MATERIAL PROVIDED START

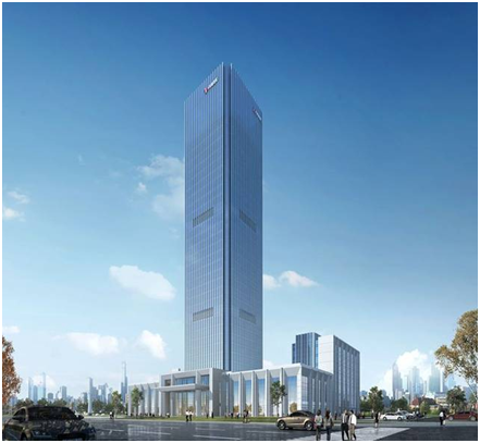 中國雙匯新總部項目選址漯河市城鄉(xiāng)一體化示范區(qū)起步區(qū)核心地帶,緊鄰沙澧河景區(qū)和中央商務(wù)公園,交通便利,環(huán)境優(yōu)美。新總部規(guī)劃用地面積121畝,計劃工期3年,預(yù)計完工時間為2022年12月,總建筑面積約 112000 平方米, 其中地上建筑面積約 94200 平方米,地庫建筑面積約 17800 平方米(包含地下室人防面 積約 5700 平方米)。主樓地上 36 層,地下室 3 層,裙房 3 層;副樓地上 7 層,地下室 1 層,為超高層建筑,建筑總高度168米。
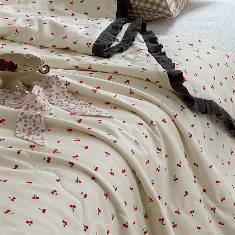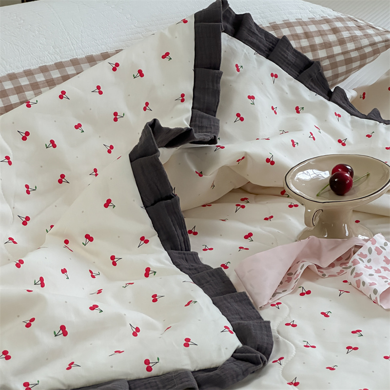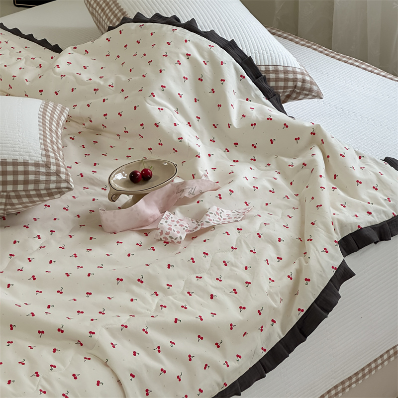 洋铭区(原狠狠爱) 2024新款皱皱花边全棉夏被 樱桃玛瑙
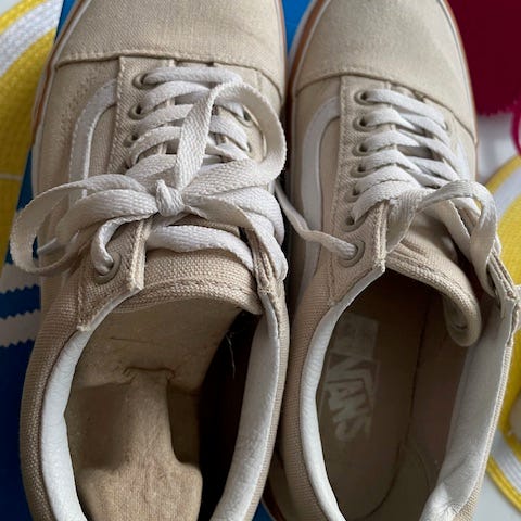 Jenkeistä ostetut vans kengät. Hieman käytön jälkiä ja kantapäissä puhki kulumat

MATERIAL PROVIDED END

▸ **REQUIREMENT**: Omit the pictures. Repeat the rest of the data exactly.

▸ **SOLUTION FOR THIS TASK**:
 中國雙匯新總部項目選址漯河市城鄉(xiāng)一體化示范區(qū)起步區(qū)核心地帶,緊鄰沙澧河景區(qū)和中央商務(wù)公園,交通便利,環(huán)境優(yōu)美。新總部規(guī)劃用地面積121畝,計劃工期3年,預(yù)計完工時間為2022年12月,總建筑面積約 112000 平方米, 其中地上建筑面積約 94200 平方米,地庫建筑面積約 17800 平方米(包含地下室人防面 積約 5700 平方米)。主樓地上 36 層,地下室 3 層,裙房 3 層;副樓地上 7 層,地下室 1 層,為超高層建筑,建筑總高度168米。
 洋铭区(原狠狠爱) 2024新款皱皱花边全棉夏被 樱桃玛瑙
 Jenkeistä ostetut vans kengät. Hieman käytön jälkiä ja kantapäissä puhki kulumat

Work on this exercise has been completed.